Colonel Pedro Yadín reveals that the officers were asleep and were attacked with “bombs and drones”

14ymedio, Havana,January 16, 2026 –- Havana once again deployed its political liturgy this Friday following the death of the 32 Cubans who fell in Caracas during the capture of Nicolás Maduro. At the Anti-Imperialist Tribune, facing the Malecón, the tribute ceremony functioned as a platform for ideological reaffirmation and political warning at a moment of evident internal fragility for the regime.
From the stage, the First Secretary of the Communist Party, Miguel Díaz-Canel, insisted that there would be no negotiation with the United States “on the basis of coercion.” Cuba, he said, is willing to engage in dialogue, but only “on equal terms and on the basis of mutual respect.” The speech, reported in excerpts by the official press, relied on a rhetoric of epic resistance, threats of external aggression, and closed calls for unity.
According to the president, the January 3 operation opened “a new era of barbarism, plunder, and neo-fascism” and was a hard blow to the Cuban government, which experienced “very bitter hours” of “indignation and impotence.” Venezuela, Havana’s main political ally and commercial partner for more than two decades, once again occupied the symbolic center of the official narrative, now under the banner of sacrifice.

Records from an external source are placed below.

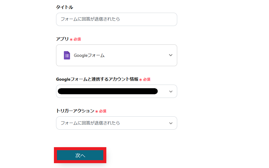 - 次に、トリガーでGoogleフォームを選択し、「フォームに回答が送信されたら」というアクションを設定し、対象のフォームを指定します。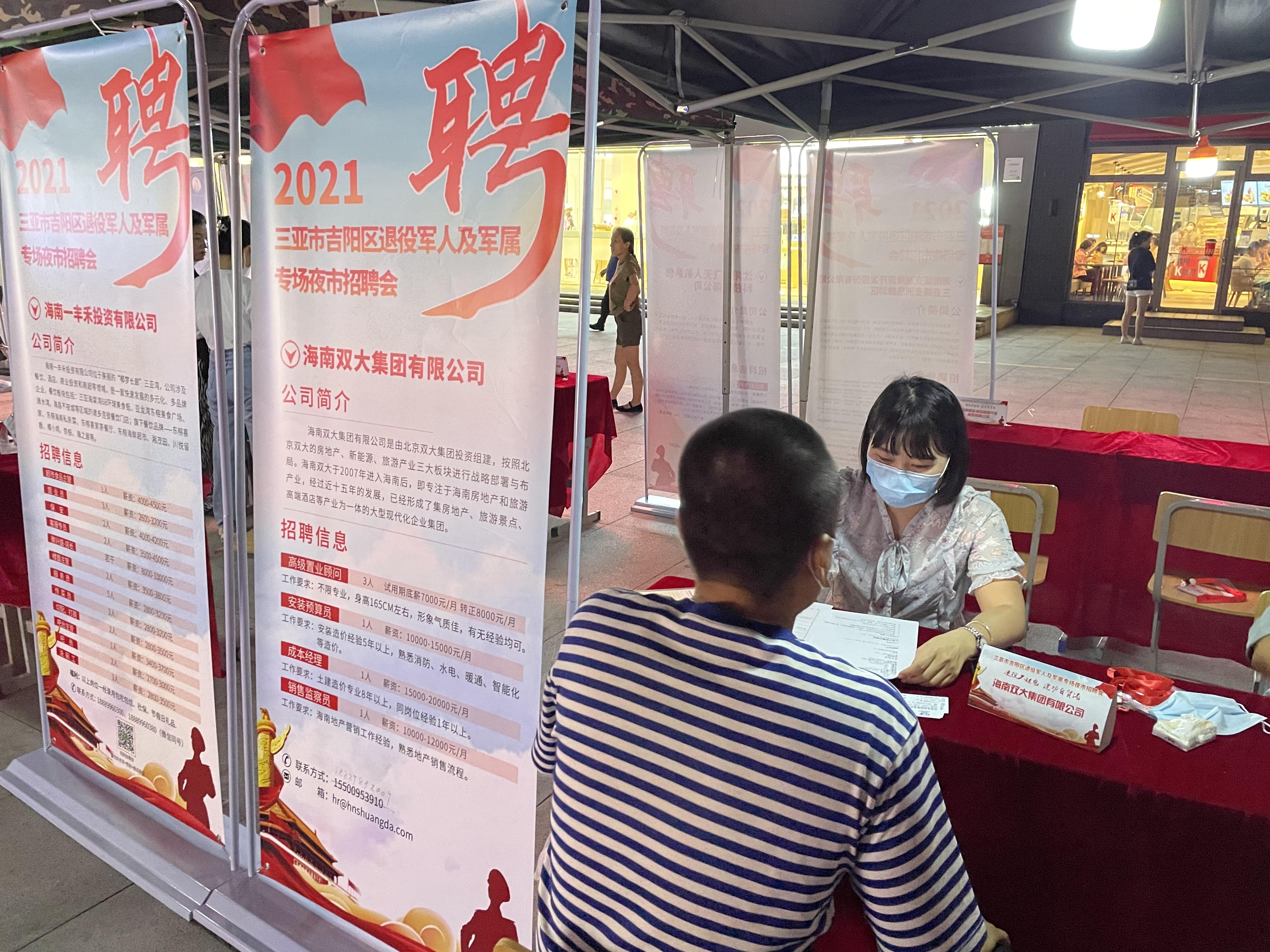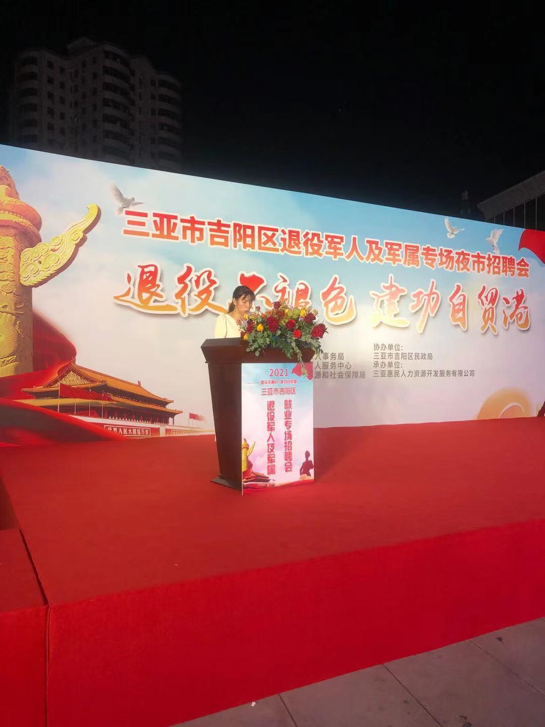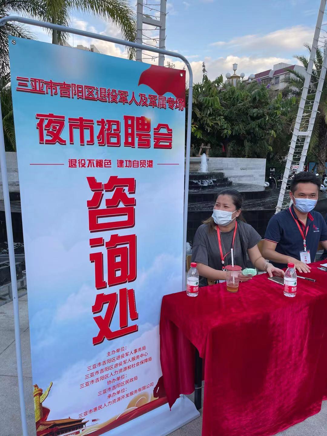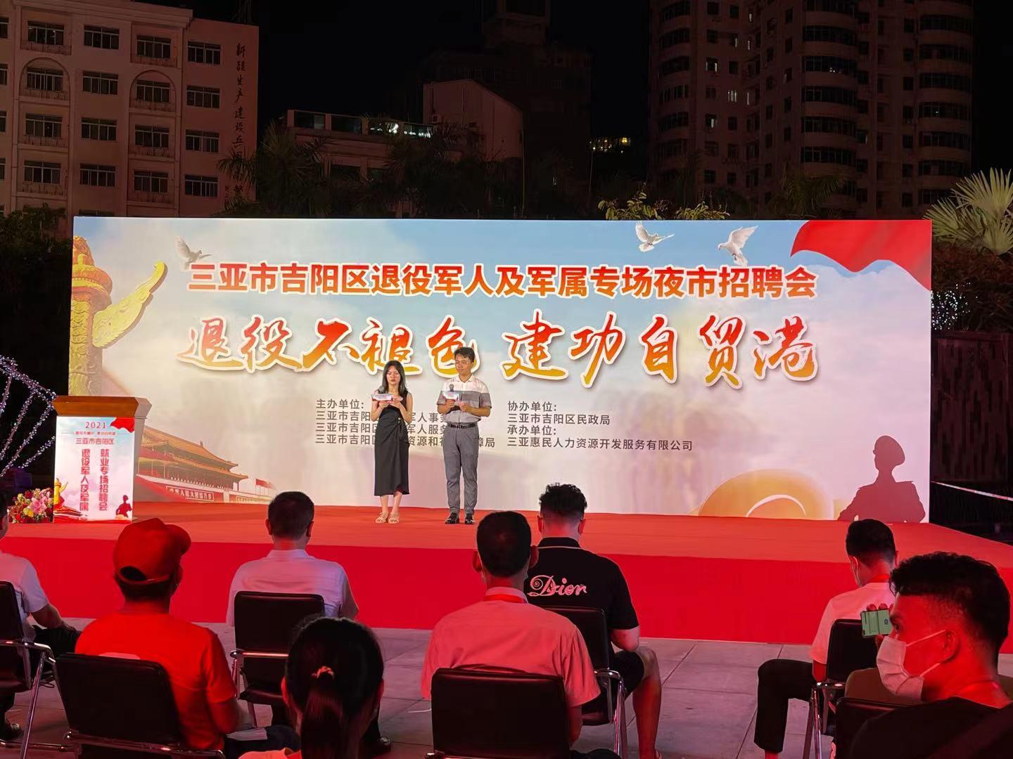 9月27日,由吉陽區(qū)退役軍人事務(wù)局、吉陽區(qū)退役軍人服務(wù)中心、吉陽區(qū)人力資源和社會保障局主辦,吉陽區(qū)民政局協(xié)辦,三亞惠民人力資源開發(fā)服務(wù)有限公司(惠民人力資源)承辦的三亞市吉陽區(qū)2021年退役軍人及家屬就業(yè)專場夜市招聘會在藍海購物廣場舉行。
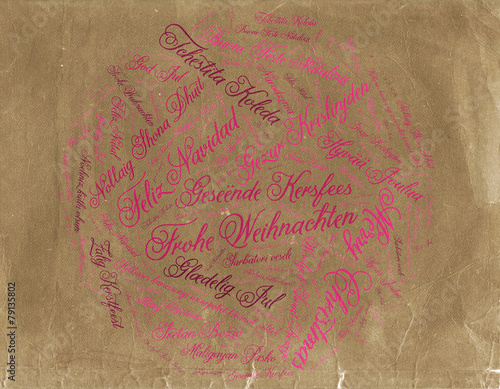 Grußkarte mit Weihnachtsgrüßen in vielen Sprachen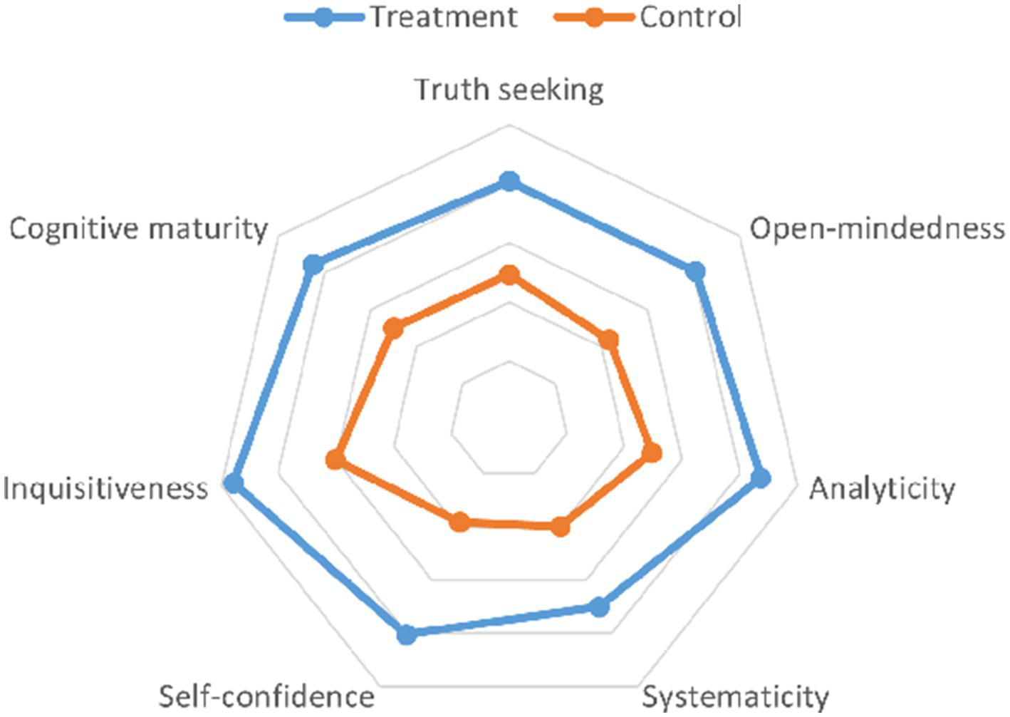 Employing a random-effects model due to substantial heterogeneity (I2 = 99.03%, tau2 = 188.42), the analysis revealed a significant overall mean difference (MD) in critical thinking scores of 26.39 (95% CI 18.71 to 34.06). Individual study contributions varied, with MD ranging from a low of 3.13 to a high of 57.20, reflecting the diverse impact of CBL across different educational settings and study designs. The significant test of overall effect (z = 6.74, p < 0.01) confirmed the efficacy of CBL in enhancing critical thinking dispositions, despite the observed high heterogeneity among the studies included (I2 = 99.03%) (Figure 3). Figure 4 visually represented the comparative analysis, with each vertex corresponding to a different dimension of critical thinking: truth seeking, open-mindedness, analyticity, systematicity, self-confidence, inquisitiveness, and cognitive maturity.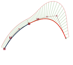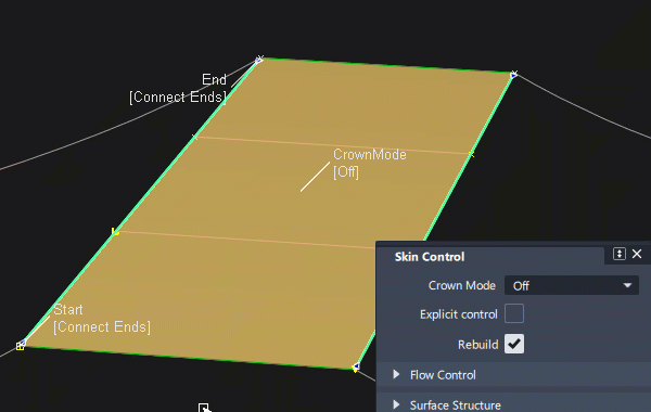 - End - The second CV follows the draft angle. The height of the crown is the same, but the change in surface shape appears at the end.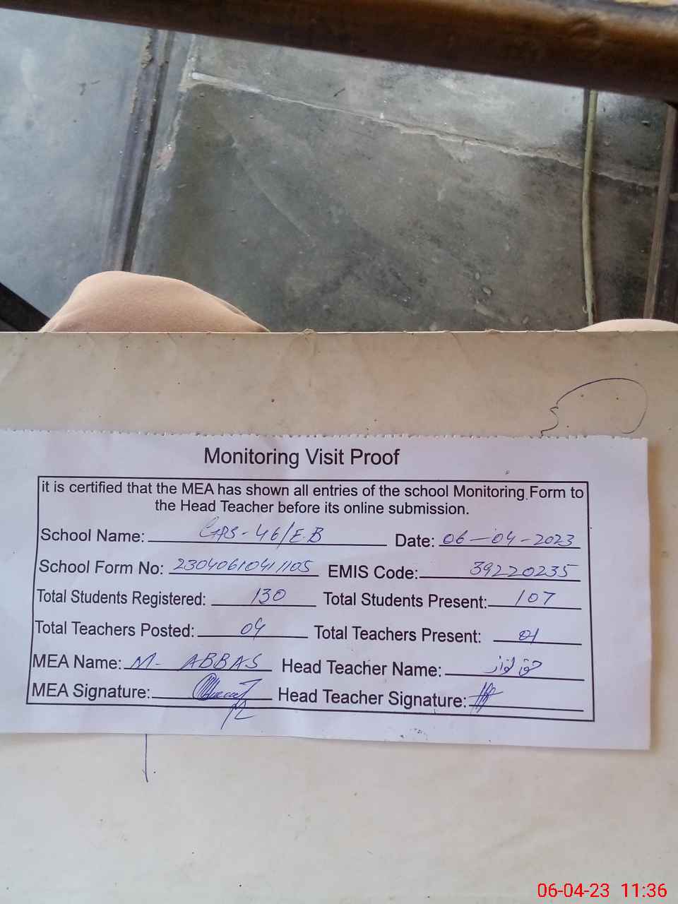 | Attendance Register | Head Teacher | MEA with School | Visit Proof |

However, the martial tone of the ceremony clashed abruptly with one of the most widely cited testimonies by the state press itself. It came from Colonel Pedro Yadín Domínguez, one of the survivors. His account, published by the State newspaper Granma and broadcast in a television interview, introduces fissures that are difficult to reconcile with the heroic version the regime is trying to impose.
The statement is uncomfortable for a narrative that insists the 32 Cubans “fought back with gunfire” and died in combat
“We were sleeping, resting in the early morning hours,” the colonel told the cameras. “We barely had any weaponry,” he added, explaining that the group was performing support functions for the security of the Venezuelan president and was not in a combat posture. The attack, he said, was “disproportionate,” involving planes, bombs, drones, and Apache helicopters against a group that was neither on alert nor armed to resist.
The statement is uncomfortable for a narrative that insists the 32 Cubans “fought back with gunfire” and died in combat, as stated in the first communiqué announcing their deaths and declaring a period of national mourning. The image of heroic combat dissolves when the speaker is a senior officer of the Ministry of the Revolutionary Armed Forces, seated in a wheelchair, describing a night of rest interrupted by a bombardment.
While Díaz-Canel evoked the Sierra Maestra, Africa, and even Caracas as stages of a single historical feat, the colonel’s testimony sketched another picture: that of an opaque mission, without sufficient weapons, on foreign soil, and an attack that caught the personnel while they were asleep.
The propaganda machinery has tried to compensate for that void with overacting. On State TV’s Mesa Redonda official commentator Oliver Zamora raised the tone to the point of boasting. He claimed that the United States “had to kill” the 32 Cubans with a “tremendous” display of brute force, and that it even took hours to do so. For Zamora, the fact demonstrated Washington’s inability to “understand” a country like Cuba, hardened by decades of confrontation.
The profusion of images from the events and ceremonies has also served to expose numerous repressors
While the propagandist speaks of fierce resistance and enemies incapable of subduing Cubans, the surviving colonel insists they were practically defenseless and without adequate weaponry. One sells epic heroism; the other describes vulnerability.
The rift also spilled into the digital space. On YouTube, under the interview with the colonel, a user identified as @Jcontre3000 wrote: “We saw that coward in the videos of Venezuelan soldiers crying and running away; that’s why he’s alive. A coward dies a thousand times, and this one is a coward.” The comment, far from anecdotal, exposes the level of polarization and distrust that surrounds even official testimonies.
The profusion of images from the events and ceremonies has also served to expose numerous repressors. Several Cuban activists have identified among the crowd agents of State Security responsible for interrogations, harassment, and episodes of direct repression. This is significant, because these individuals rarely show their faces on social networks or on official media.
Among those who have identified these officials is activist Laura Vargas, who has documented and denounced episodes of surveillance and unauthorized access to her accounts as part of the digital repression exercised against critical voices. The artist Hamlet Lavastida has done the same; he is known for his cultural and political opposition to the regime and for having been detained and sanctioned as a prisoner of conscience due to his works and public actions. The images have also revealed former power figures fallen from grace, such as former foreign minister Felipe Pérez Roque.
At the event, Díaz-Canel again called for “closing ranks” and warned that if attacked, Cuba would defend itself “fiercely.” “They would have to kidnap millions or wipe this archipelago off the map,” he said. But beyond the slogans, the tribute laid bare a tension the regime has been unable to resolve: the distance between the rhetoric of permanent war and the reality of silent, poorly explained, and deadly missions, whose details emerge only when a survivor steps outside the script.